Background: Information on the cost-effectiveness of malaria control is needed for the WHO Roll Back Malaria campaign, but is sparse. We used mathematical models to calculate cost-effectiveness ratios for the main prevention and treatment interventions in sub-Saharan Africa.
Methods: We analysed interventions to prevent malaria in childhood (insecticide-treated nets, residual spraying of houses, and chemoprophylaxis) and pregnancy (chloroquine chemoprophylaxis and sulfadoxine-pyrimethamine intermittent treatment), and to improve malaria treatment (improved compliance, improved availability of second-line and third-line drugs, and changes in first-line drug). We developed models that included probabilistic sensitivity analysis to calculate ranges for the cost per disability-adjusted life year (DALY) averted for each intervention in three economic strata. Data were obtained from published and unpublished sources, and consultations with researchers and programme managers.

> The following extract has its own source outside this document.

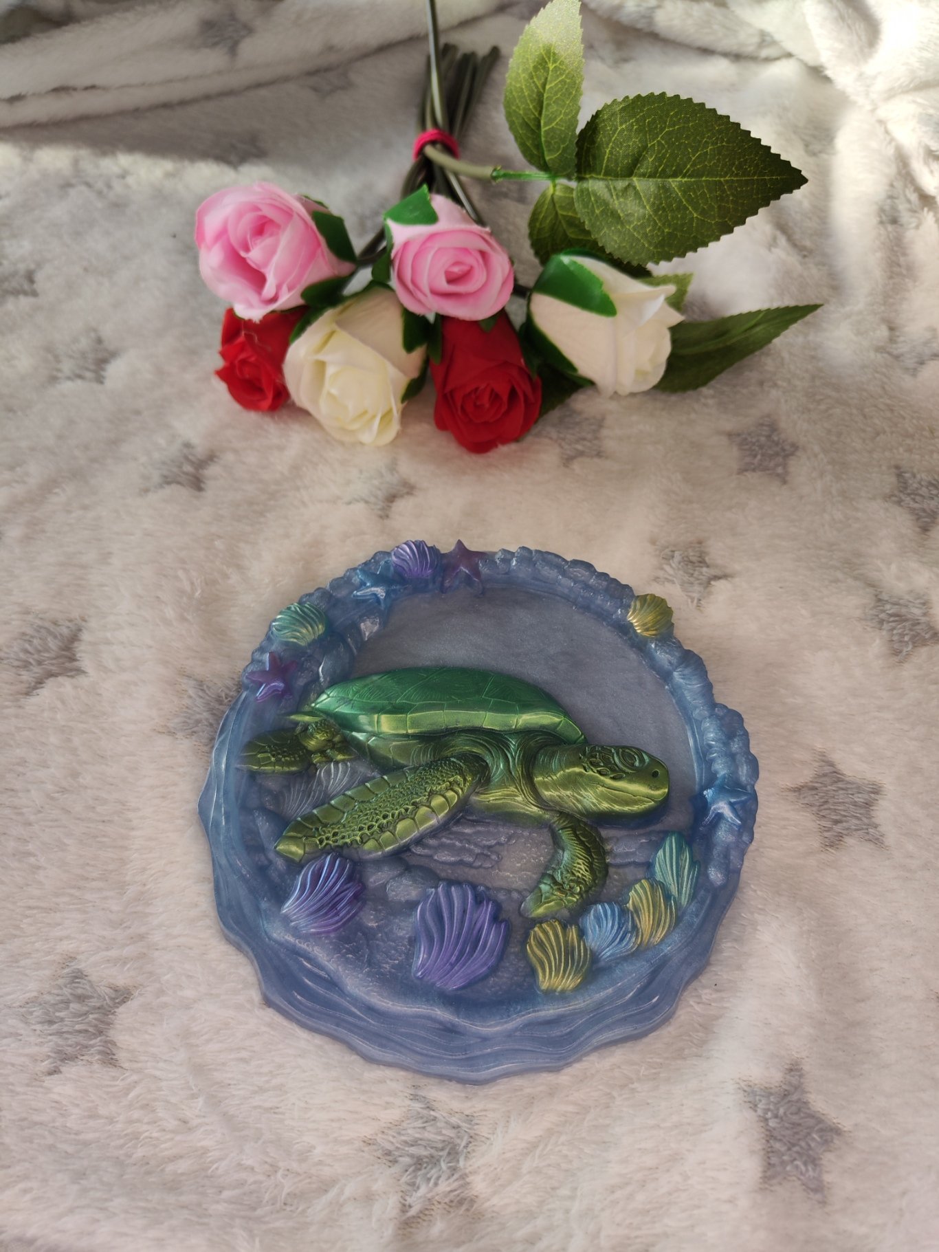 Médaillon tortue marine- Fabrication artisanale unique en résine epoxy
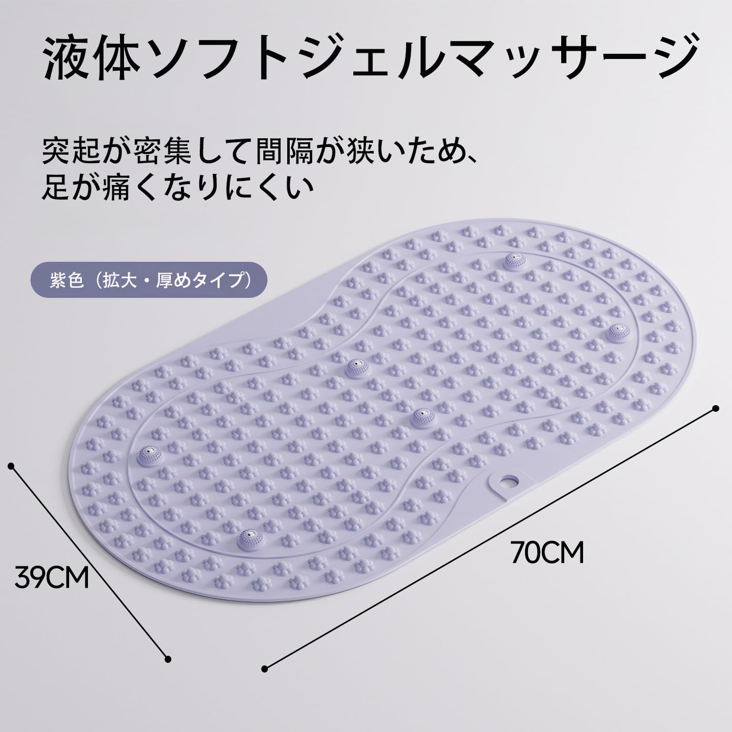 Ponko【2026最新】足ツボマット 指圧マット TPE素材 39×70cm 大判 4色展開 【ピンク/あんず/パープル/ブルー】 滑り止め付き 耐衝撃 丸洗い可 収納便利 ながら運動 室内ランニング 男女兼用 1枚売り (PURPLE)

Findings: In a very-low-income country, for insecticide treatment of existing nets, the cost-effectiveness range was US$4-10 per DALY averted; for provision of nets and insecticide treatment $19-85; for residual spraying (two rounds per year) $32-58; for chemoprophylaxis for children $3-12 (assuming an existing delivery system); for intermittent treatment of pregnant women $4-29; and for improvement in case management $1-8. Although some interventions are inexpensive, achieving high coverage with an intervention to prevent childhood malaria would use a high proportion of current health-care expenditure.
Interpretation: Cost-effective interventions are available. A package of interventions to decrease the bulk of the malaria burden is not, however, affordable in very-low-income countries. Coverage of the most vulnerable groups in Africa will require substantial assistance from external donors.
PIP: This paper examines the cost-effectiveness of malaria control using an innovative modeling approach based on probabilistic sensitivity analysis in sub-Saharan Africa. The variables included in the study were interventions for preventing malaria in childhood (insecticide-treated nets, residual spraying of houses and chemoprophylaxis), preventing malaria in pregnancy (chloroquine chemoprophylaxis and sulfadoxine-pyrimethamine intermittent treatment), and improving treatment for uncomplicated malaria (better compliance, improved availability of second- and third-line drugs, and changes in first-line drugs). Effectiveness was calculated in terms of disability-adjusted life years (DALY) formula. The cost data were obtained through published and unpublished literature, program budgets, price catalogues, and consultation with researchers and program managers. Results showed that in a very-low-income country, the cost-effectiveness range of insecticide-treated nets was US$19-85. If only insecticide treatment was required, the range would be decreased to US$4-10 per DALY averted. Cost effectiveness was $32-58 for residual spraying (two rounds per year), $3-12 for children's chemoprophylaxis, $4-29 for intermittent treatment of pregnant women, and $1-8 for improvement in case management. Cost-effectiveness analysis helped identify interventions that would result in the effective use of resources, but information on total costs was also needed in order to assess affordability. Furthermore, coverage of the most vulnerable groups in Africa would require substantial assistance from external donors.